Wednesday, August 12, 2009
District 9 (Review)
I think by now, everyone knows the story of how District 9 came to be. At least I assume everyone does. Well the story goes 3 or so years ago Universal and Fox came to Peter Jackson offering him a live action adaptation of Halo. Jackson enlisted a then-26-year-old South African filmmaker by the name of Neill Blomkamp to direct. But later on, the project kinda collapsed and the studios pulled the plug. But being interested in Blomkamp, Jackson still wanted to make a movie with him. District 9 is the result.
Made for $30 million and shot in Johannesburg and Wellington, District 9 tells the story of Wikus Van de Merwe, an agent put in charge of kicking aliens out of their slum. The role is played brilliantly by first-time actor and Blomkamp's school friend Sharlto Copley. Copley is apparently a man with a great sense of fun and humor, and it shows in his character. Wikus is friends with everyone, he even can talk to the aliens easier than anyone else. He treats them like humans (albeit incredibly dangerous ones), which helps us sympathize with them.
I'm not particularly familiar with South African history and apartheid and all that, but District 9 is clearly a statement about that and it's obvious even to this outsider. The aliens appeared in the city nearly 30 years ago, unable to get home, and were put into a massive slum where the population and violence escalates, just as it would if they were human. The way Blomkamp portrays the aliens' situation does make one feel bad for them, especially knowing places like that exist around the world and are occupied by humans.
To me, a lover of the works of Orson Scott Card, District 9 was like a Speaker for the Dead/Halo mash-up set in present-day South Africa. I invoke Speaker because the relationship between the humans and aliens in D9 is much the same as the Buggers or Piggies and humans in Speaker. Are they "ramen", able to communicate and coexist? The humans and non-humans in both works speak, or at least understand, each others' languages. And humans in D9 can't use the alien weaponry. Or are they "varelse", unable to coexist and therefore war is inevitable? This is left up to interpretation in Card's book and Blomkamp's film, but in both cases I'd like to think it was the former.

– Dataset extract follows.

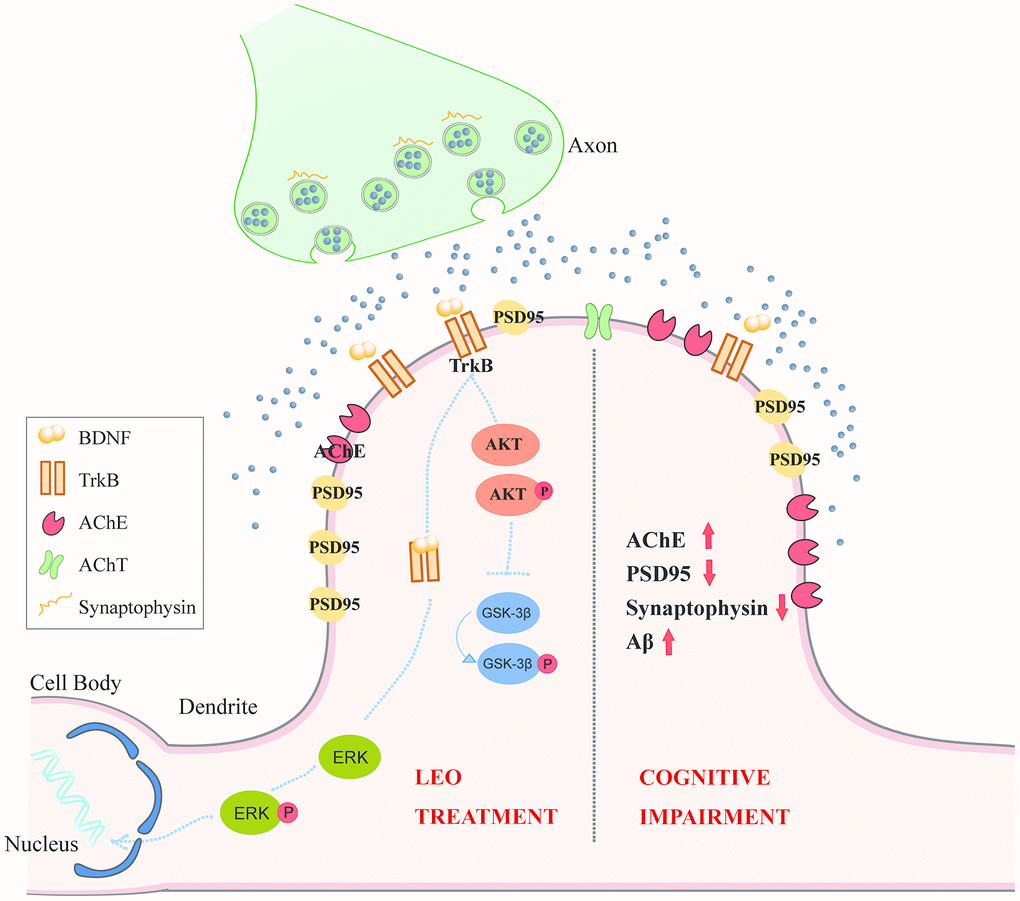 In our work, we investigated the effect of LEO in the established APP/PS1 mouse model of AD and WT mice. The APP/PS1 mouse model is characterized by dysfunction of neurons, and visible plaque deposition is detected after 6 months [49]. The most important findings of the present research were that LEO treatment partly restored hippocampal synaptic plasticity in LEO treated APP/PS1 mice. In our study, we found that 4 weeks of LEO treatment partly reversed the spatial reference memory impairment of 8-month-old APP/PS1 mice. An increased the expression of BDNF, TrkB and phosphorylated AKT and ERK, including the levels of marker proteins for synaptic integrity and plasticity that could induce the restoration of spatial memories. LEO-treated APP/PS1 mice also displayed a significant decrease in AChE in the hippocampus, which would increase ACh levels. These results are summarized in Figure 7. In line with this observation, spatial reference memory was partially restored in the LEO-treated APP/PS1 group. Many preclinical studies have attempted to restore synaptic plasticity and memory function in mouse models of amyloid pathology [41]. This is the first confirmation that LEO effects, including synaptic plasticity and the synapse number, occur in the hippocampus of APP/PS1 mice, a model of cognitive dysfunction. Importantly, LEO has few side effects and can penetrate well into the BBB [21, 50]. Some studies have shown that the permeability of essential oil can enhance the signal transmission [51], and some components of essential oil can increase the permeability of water, which can be widely used in industrial production [52]. Overall, the findings in this investigation suggest an important potential role for LEO as a therapeutic agent to restore memory function in AD.

But enough philosophy, let's talk action. If anyone was highly anticipating a Halo movie (and I can't say I was), then District 9 will be upsetting. Because it would have been real good. The drama in the film is perfectly balanced, and the documentary-style shooting mixed seamlessly and without distraction with the more conventionally-shot parts. The action was tense and exciting, at one point my palms were sweating, which hasn't happened in ages, because I haven't cared this much about what happens to the characters in a long time. I find that to be utterly essential, and the best judge to how good a movie is. WETA's effects were some of the best I have ever seen. I said this out loud in the theater, thanking any of the crew who might have been within earshot. The original plan was to use puppets and costumes for the aliens, but they decided against it and went full CG, though in some close-ups you could hardly tell. Especially in the day and outside oddly enough, the aliens are truly believable. Their ship, too, looks excellent silhouetted against the Jo'Berg skyline.
Overall District 9 was an entertaining action flick with some deeper thinking, easily the best of it's kind of the summer. So far it's in my top 5 for 2009 and depending on one other film with "9" in the title it may stay there. And it's definitely worthy of its position.